THE ART OF THE POSSIBLE
A lot of people we talk to are finding it hard to get their careers back on track after experiencing redundancy in the current downturn. Good jobs are thin on the ground and, when they do come onto the market, they attract large numbers of applicants. And whilst it is possible to learn how to engage and overcome competition, no one is pretending life out there at the moment is anything other than difficult.
What is worth noting though is, even in times like these, there is a relative abundance of jobs in what we once used to call the complementary or flexible workforce i.e. temporary, short-term or assignment-based jobs of various descriptions, some of them poorly-paid, some self-employed and some working for agencies. At first sight someone who has just been displaced from, say, a management post might see such jobs as beneath them. But before writing off the complementary sector perhaps they should pause to reflect particularly when the alternative is sticking out for a job like the one they’ve just lost and finding it’s harder than they thought. Particularly when their funds are running low and the bills keep coming in.

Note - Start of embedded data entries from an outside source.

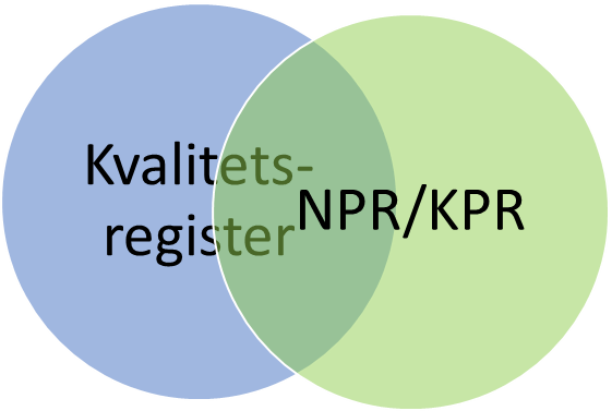 Figur 1 viser ulike utfall ved kobling av data fra kvalitetsregistre og NPR. Området merket med 2 er observasjoner som kan kobles og som derfor finnes både i kvalitetsregisteret og NPR. 1 angir observasjoner som kun er i kvalitetsregisteret, mens 3 er de som kun er i NPR.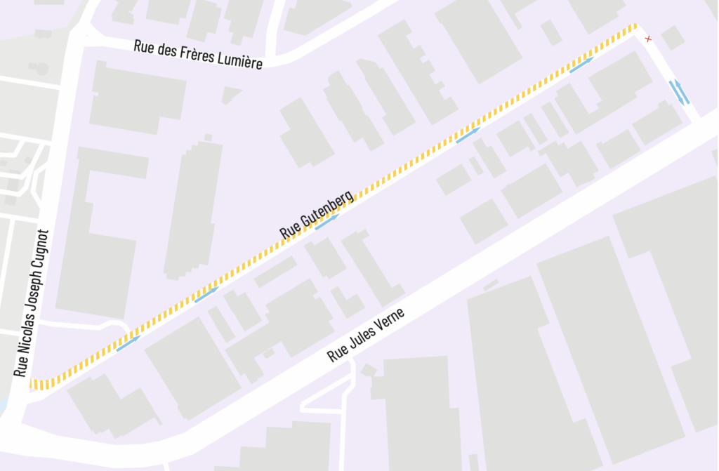 Après les travaux sur les réseaux secs en cours de finition, les travaux d’aménagement InspiRe ont démarré rue Gutenberg le 22/09.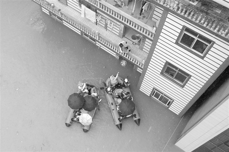 6月26日,乐平市浯口镇程家墩村被洪水围困,曙光救援队、蓝天救援队、红十字会等社会救援力量及当地党员干部用救援艇为村民送去生活物资。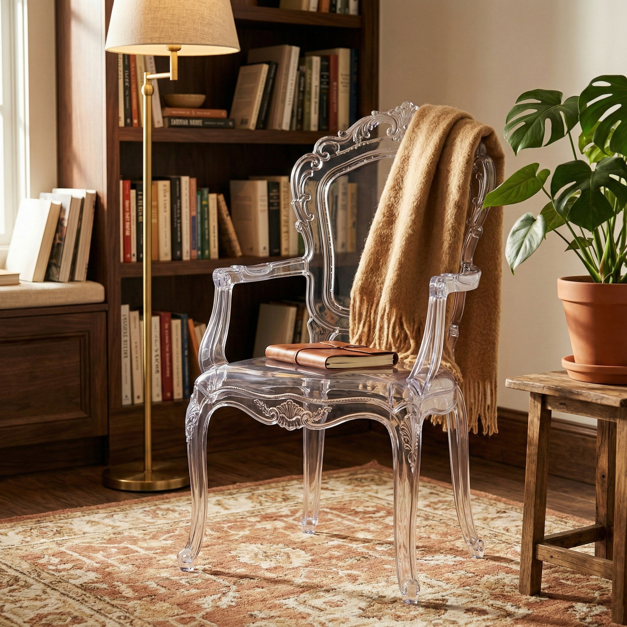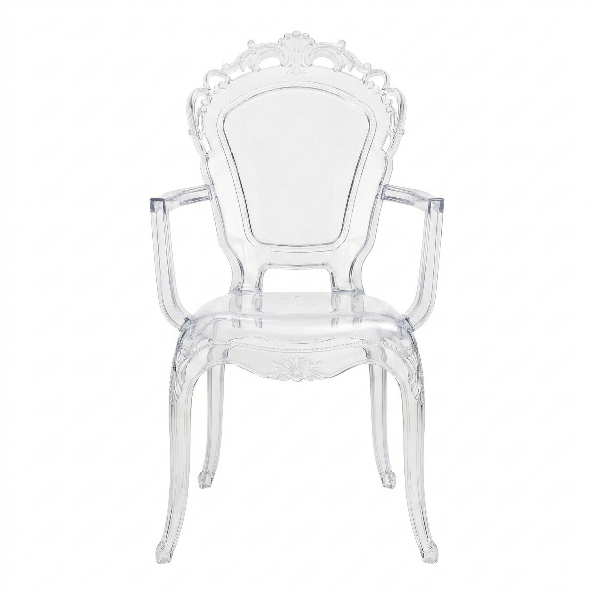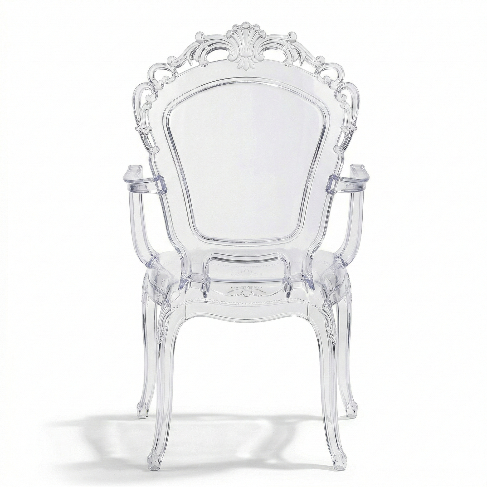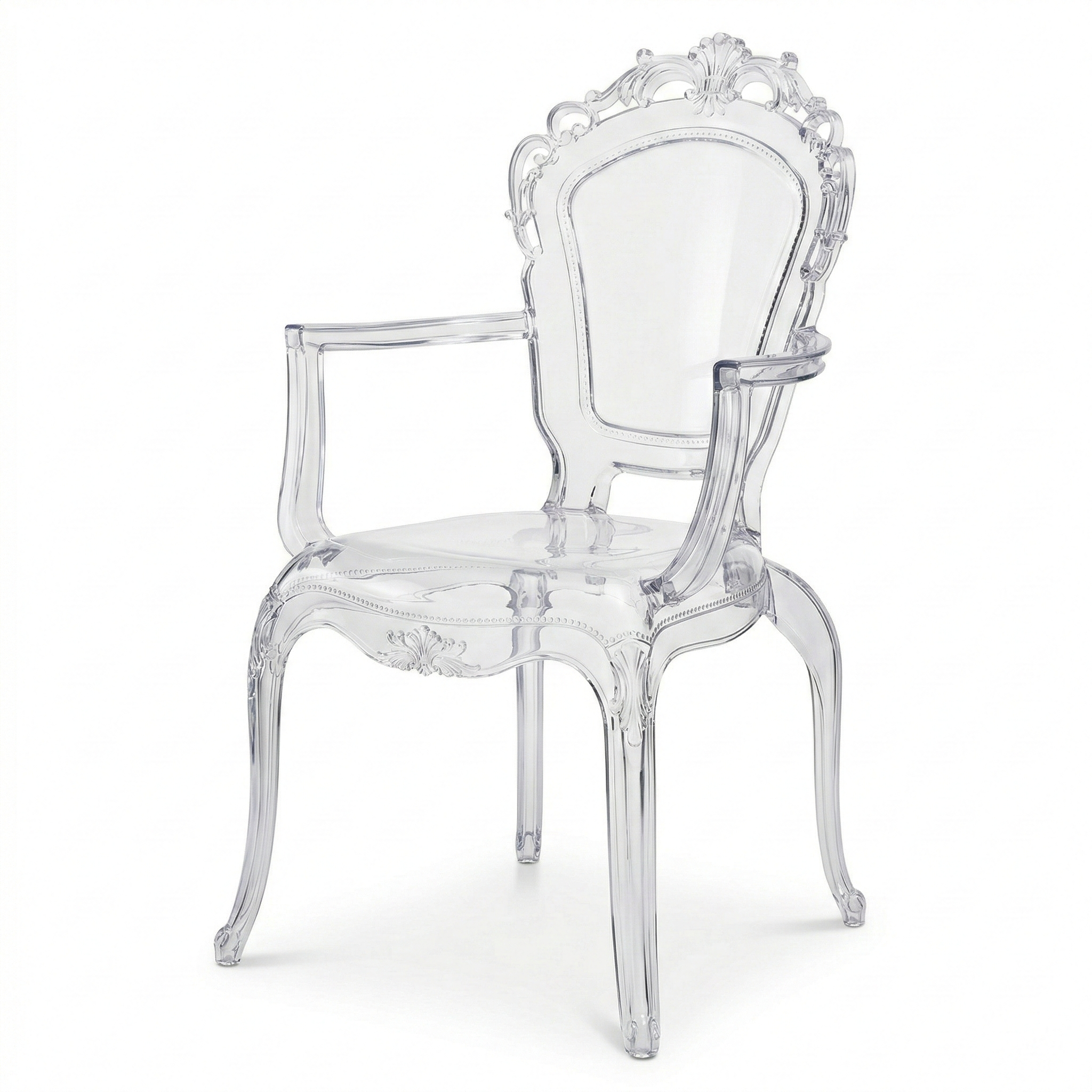 La sedia con braccioli di Cribel è realizzata in policarbonato trasparente ad alta resistenza e si distingue per il suo design elegante e raffinato. La struttura monoblocco valorizza le forme decorative, mentre lo schienale sagomato con dettagli in rilievo in stile barocco aggiunge un tocco classico e sofisticato. La seduta ampia e confortevole, insieme alle gambe sottili e leggermente curve, dona leggerezza visiva e armonia, rendendola ideale per ambienti moderni e di design.

Though on the face of it temp jobs don’t seem to have much going for them they can offer a way into organisations by the back door. Typically you get sent along by an agency because there is a short-term need for someone and you happen to fit the bill. As long as you can do the job there are usually not too many questions and you certainly won’t be up against hundreds of other applicants all jostling for the same position.
But once through the door you have an opportunity to attack the organisation from the inside and, take it from us, you will find this far easier than presenting yourself as an external applicant i.e. a complete unknown and when there will be other faces in the frame (not just yours).
Take the case of Simon, a Logistics Manager, who lost his job and found temporary work as an HGV driver Simon made a point of impressing everyone with his work ethic then, with his reputation as the star temp driver established, he succeeded in making a case for giving him a chance to prove himself in a management role. We used Simon to illustrate the art of the possible which, in the context of career management, is the art of using what’s there (in Simon’s case temp jobs) and making it work for you.
Okay, perhaps Simon struck lucky but, even if he hadn’t, he still had money coming in which helped him with some of his outgoings. So the message is, if you’re out of work and finding it tough, don’t turn your back on the temp market. It can be a way of getting your foot in a door which would otherwise remain closed. Working as a temp can also provide you with some interesting insights which may surprise you. You won’t know till you try it.